LangChain ACP Overview

langchain-acp is ACP Kit's graph-centric adapter for the LangChain stack:

• plain create_agent(...) graphs from LangChain
• compiled LangGraph graphs
• DeepAgents graphs built with create_deep_agent(...)

It is not a separate agent framework. The adapter takes a runtime that is already graph-shaped and exposes it through ACP without discarding the runtime's real semantics.

Core Construction Paths

The public construction seams stay centered on graph ownership:

• graph=...
• graph_factory=...
• graph_source=...

Static graph:

from langchain.agents import create_agent
from langchain_acp import run_acp

graph = create_agent(model="openai:gpt-5", tools=[])

run_acp(graph=graph)

Codex-backed graph:

from codex_auth_helper import create_codex_chat_openai
from langchain.agents import create_agent
from langchain_acp import run_acp

graph = create_agent(
    model=create_codex_chat_openai("gpt-5.4"),
    tools=[],
    name="codex-graph",
)

run_acp(graph=graph)

Session-aware graph factory:

from langchain.agents import create_agent
from langchain_acp import AcpSessionContext, run_acp


def graph_from_session(session: AcpSessionContext):
    model_name = session.session_model_id or "openai:gpt-5-mini"
    mode_name = session.session_mode_id or "default"
    return create_agent(
        model=model_name,
        tools=[],
        name=f"graph-{mode_name}",
        system_prompt=f"Operate in {mode_name} mode.",
    )


run_acp(graph_factory=graph_from_session)

Use graph_factory= when ACP session state should rebuild the upstream graph. That is the LangChain-side equivalent of agent_factory= in pydantic-acp.

If model construction depends on a local Codex login, pair this adapter with codex-auth-helper. The helper owns auth parsing, refresh, and Responses-backed ChatOpenAI construction; langchain-acp only owns ACP adaptation.

What The Adapter Owns

langchain-acp carries the same ACP Kit design language that the repo's other adapters use:

• AdapterConfig
• explicit session stores and transcript replay
• provider-owned models, modes, and config options
• native ACP plan state with TaskPlan
• approval bridging
• capability bridges
• projection maps and event projection maps
• ACP-facing type exports in langchain_acp.types

The important difference is upstream shape, not ACP Kit architecture. On the LangChain side the adapter deals in graphs and middleware instead of model profiles and tool preparers.

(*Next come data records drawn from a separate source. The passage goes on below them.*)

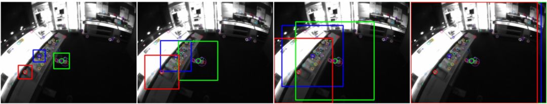 为了实现尺度不变性,我们通过常数乘数将景况与特征尺度耦合。在图中,乘数分别为20,50,100,300。注意,从乘数100开始,边界效应开始显着,而对于20,背景仅捕获少数其他感兴趣点。 表I中的结果报告乘数50在性能方面是最好的,正如我们对定性分析所期望的那样。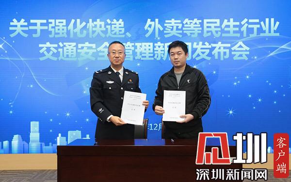 深圳市交警局副局長(zhǎng)馮新毅與相關(guān)企業(yè)代表簽訂承諾書。
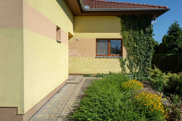 Dispozice přízemí o celkové vnitřní ploše 147,9 m2 + terasa o velikosti 27,6 m2: vstupní hala, chodba, kuchyň spojená s jídelnou, obývacím pokojem a vstupem na terasu, spíž, ložnice s vestavnou skříní a vstupem na terasu, dva menší pokoje, koupelna s vanou a WC, samostatné WC, technická místnost a garáž. Oplocená zahrada s brankou a vjezdovou bránou.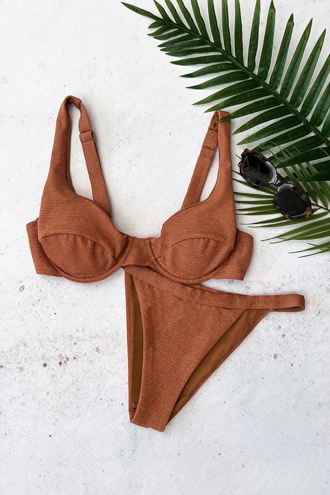 Μαγιό μπικίνι με μπανέλα στο σουτιέν και παρτό σλιπ σε καφέ χρώμα. Ένα μαγιό μπικίνι με ριπ ύφανση, αφαιρούμενη ενίσχυση και ρυθμιζόμενες τιράντες.

A Production-Shaped Configuration

This is the kind of shape the adapter is built for:

from langchain.agents import create_agent
from langchain_acp import (
    AdapterConfig,
    DeepAgentsCompatibilityBridge,
    DeepAgentsProjectionMap,
    FileSessionStore,
    HttpRequestProjectionMap,
    StructuredEventProjectionMap,
    run_acp,
)


def graph_from_session(session):
    model_name = session.session_model_id or "openai:gpt-5-mini"
    return create_agent(
        model=model_name,
        tools=[],
        system_prompt=f"Work inside {session.cwd.name}.",
    )


config = AdapterConfig(
    session_store=FileSessionStore(root=".acpkit/langchain-sessions"),
    capability_bridges=[DeepAgentsCompatibilityBridge()],
    projection_maps=[
        DeepAgentsProjectionMap(),
        HttpRequestProjectionMap(),
    ],
    event_projection_maps=[StructuredEventProjectionMap()],
)

run_acp(graph_factory=graph_from_session, config=config)

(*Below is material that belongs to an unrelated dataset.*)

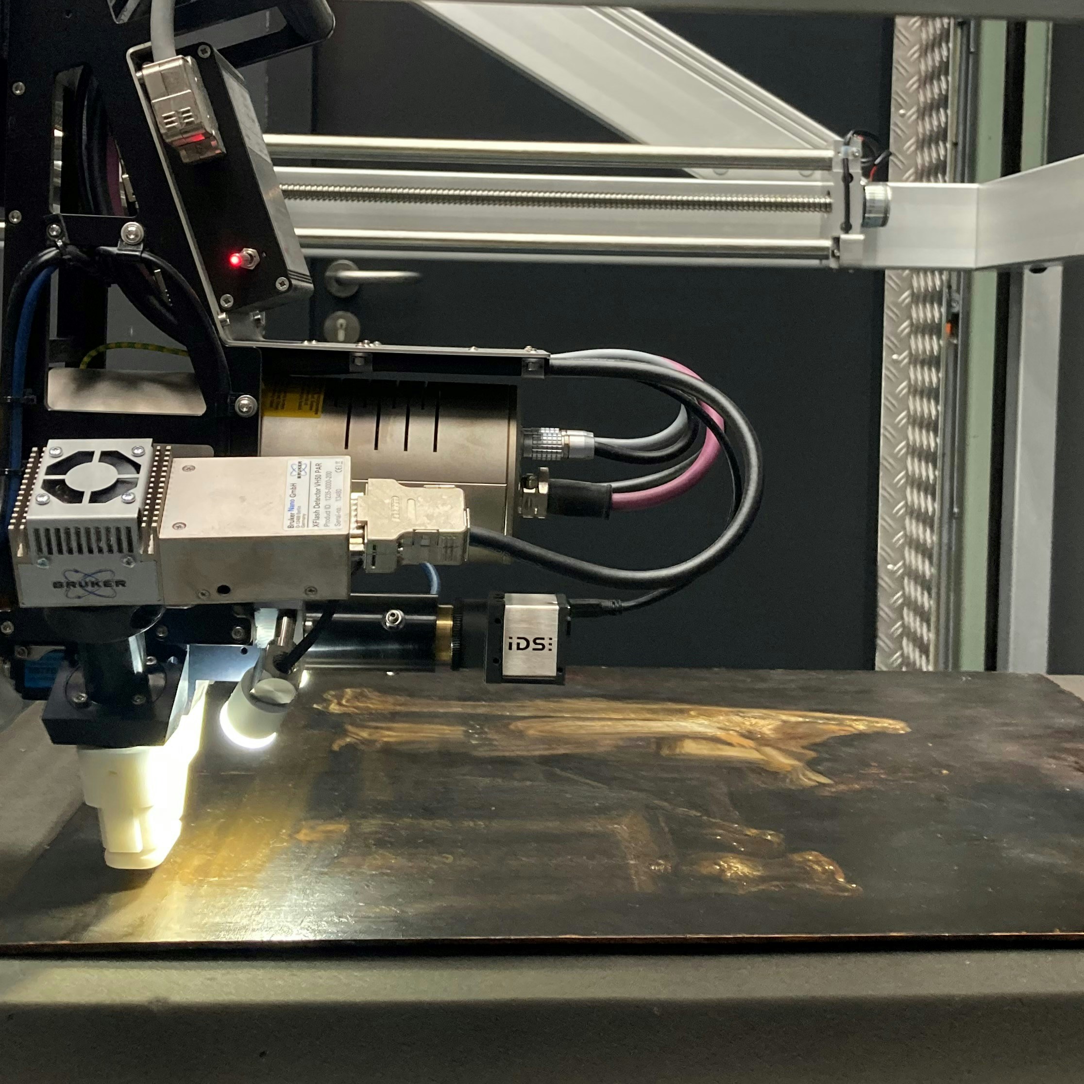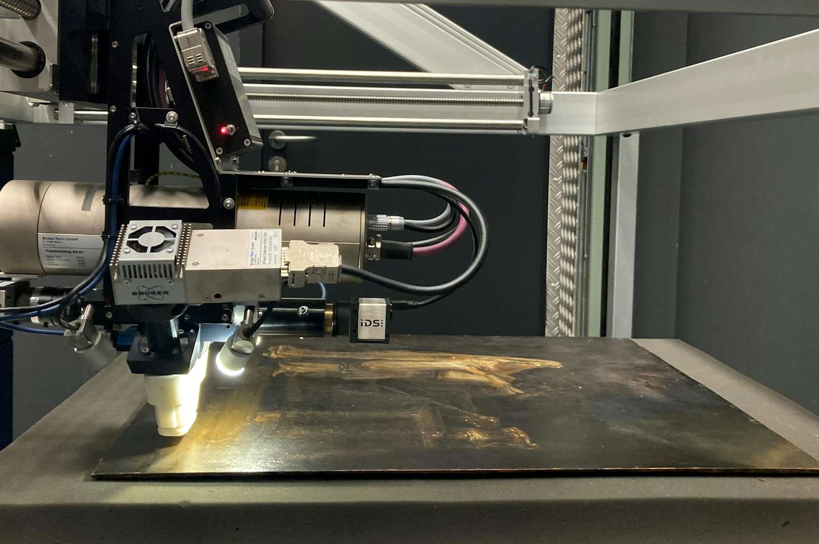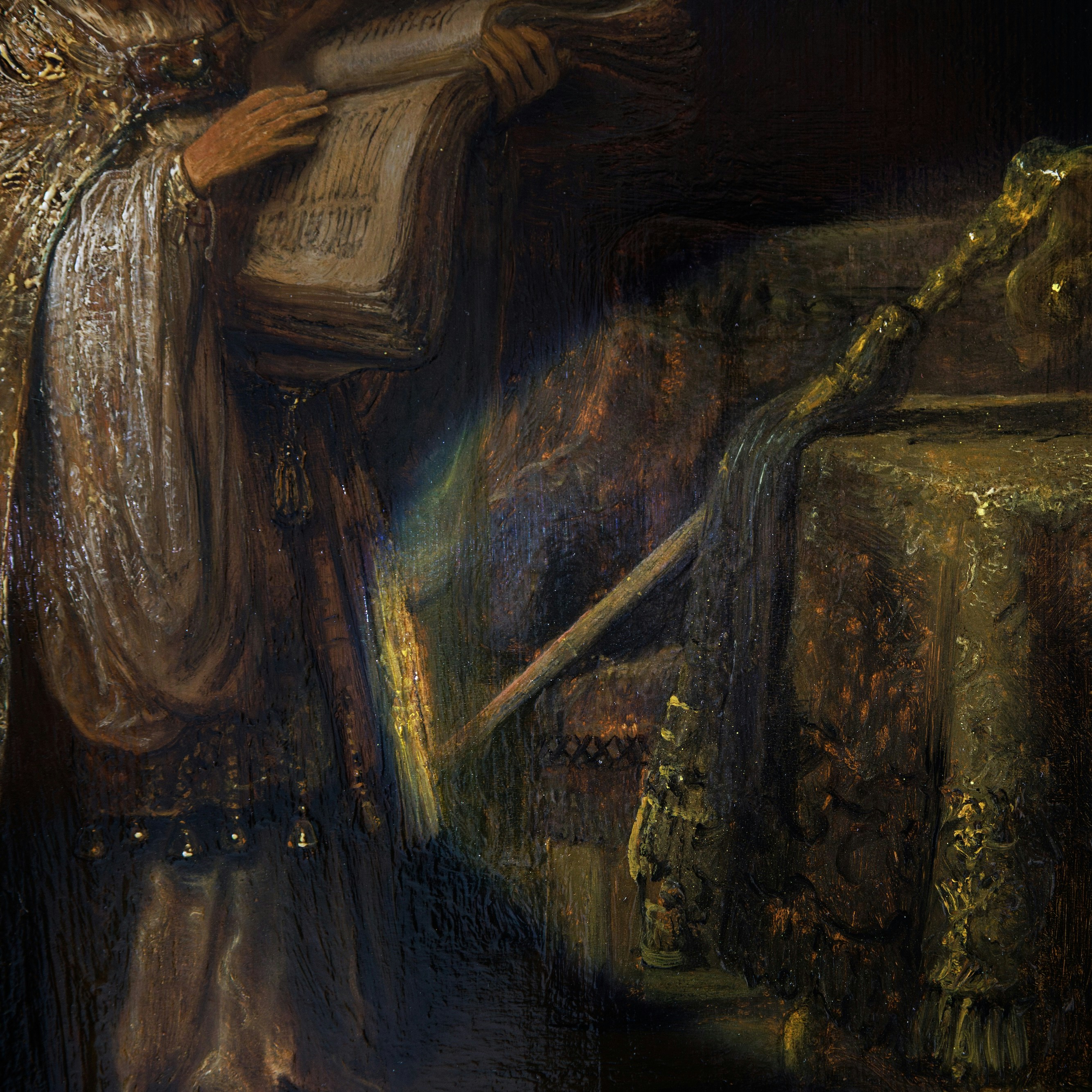 顔料の分析では、本作に用いられている絵具が同時期のレンブラント作品と一致しており、また、絵具層の重ね方や筆致の特徴も初期作品と共通していることが確認された。さらにマクロXRFスキャンによって構図変更の痕跡が発見され、制作過程における試行錯誤が明らかになった。署名の調査では、画面に記された署名が後世の加筆ではなく制作当時のものと認定され、木製パネルの年輪年代学(デンドロクロノロジー)分析により、作品に記された1633年という制作年も妥当であることが裏付けられた。

The point is not to make the adapter magical. The point is to keep the host, the graph, and the ACP surface aligned without inventing runtime state the graph cannot really honor.

Session Lifecycle And Replay

Session lifecycle is first-class:

• session creation
• load
• fork
• replay
• resume
• close

SessionStore, MemorySessionStore, and FileSessionStore work the same way they do elsewhere in ACP Kit. The LangChain adapter also replays stored transcript state when a session is loaded again, so session-scoped ACP state survives graph rebuilds instead of being treated as disposable transport history.

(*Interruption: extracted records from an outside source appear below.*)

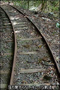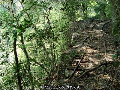 トンネルを通過した辺りから、地形が更に険しいものになってきた。右手山側はほぼ垂直で崖のようだし、左手の谷側も覗き込むのが怖いほど落ち込んでいる。しかし今までとは対照的に足元はとてもいい状態だ。枕木とレールが非常にきれいな状態で残っており、今、向こう側からトロッコが走ってきてもなんの違和感もないような風景が目の前にひろがっている。まるでタイムスリップしたかの様な光景にちょっと感動。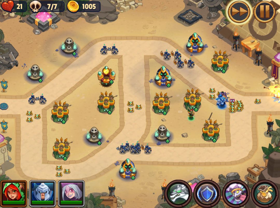 第一波,敌人出口处3个矛塔,右上一个兵,矛塔升到3级,不用开技能,兵营不用升~英雄扎堆放出怪口就好(远程英雄别跟近战英雄站一起)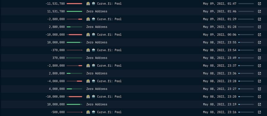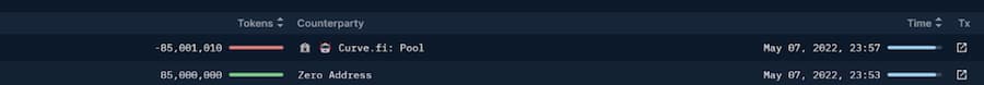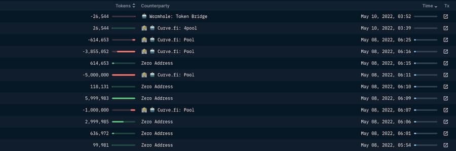 所有的交易记录大多与 UST 和 USDC 有关,并在 5 月 9 日停止。最值得注意的交易是在 5 月 7 日将价值超过 8500 万的 UST 与以太坊连接起来。这些代币随后被发送到 Curve,并被换成了大约 8450 万的 USDC。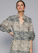 The Magnum Dress in Meadow Print from Zoe Kratzmann captures the joy and optimism of Spring. It features a ¾ length blouson sleeve, a high open neckline with tie detail and gathered tiers with light and dark colour tones throughout creating volume and drama throughout the mid length dress. Crafted from 100 % cotton; this dress blends a chic polished look with a free-spirited feel making it the ideal choice for everyday wear.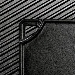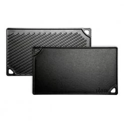 - Reversible with smooth griddle and ribbed grill sides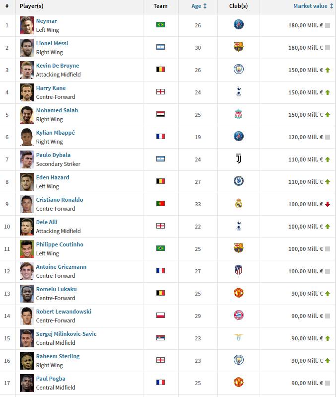 近日德国转会市场更新了最新一期的球员身价评估,并排出了本届世界杯的球员身价排行,内马尔和梅西以1.8亿欧元身价并列第一位,德布劳内、凯恩、萨拉赫以1.5亿欧元身价紧随其后,33岁的C罗身价达1亿欧元,详细内容一起往下看吧。

Models, Modes, And Config Options

langchain-acp exposes ACP control surfaces only when the host runtime actually owns them.

Built-in config:

• available_models
• available_modes
• default_model_id
• default_mode_id

Provider-owned config:

• SessionModelsProvider
• SessionModesProvider
• ConfigOptionsProvider

These seams let the host own:

• a model picker
• a mode picker
• adapter-local config options

without baking product policy into the adapter core.

Native Plans And TaskPlan

The adapter has ACP-native plan support, not only DeepAgents-style compatibility extraction.

Core surfaces:

• TaskPlan
• PlanGenerationType
• acp_get_plan
• acp_set_plan
• acp_update_plan_entry
• acp_mark_plan_done
• native_plan_tools(...)

Relevant ownership seams:

• plan_mode_id
• default_plan_generation_type
• enable_plan_progress_tools
• PlanProvider
• NativePlanPersistenceProvider

This means:

• a graph can publish ACP-native plan state
• a host can persist that plan state explicitly
• plan tools can be exposed only in the modes that really support them

DeepAgents write_todos integration exists as a compatibility layer, not as the core truth source.

Approvals

LangChain already has an approval-friendly seam through HumanInTheLoopMiddleware. langchain-acp keeps that seam visible instead of flattening it into text.

The adapter surface is:

• ApprovalBridge
• NativeApprovalBridge
• ACP permission requests and resume flow

When the runtime really pauses for approval, the ACP session pauses for approval too.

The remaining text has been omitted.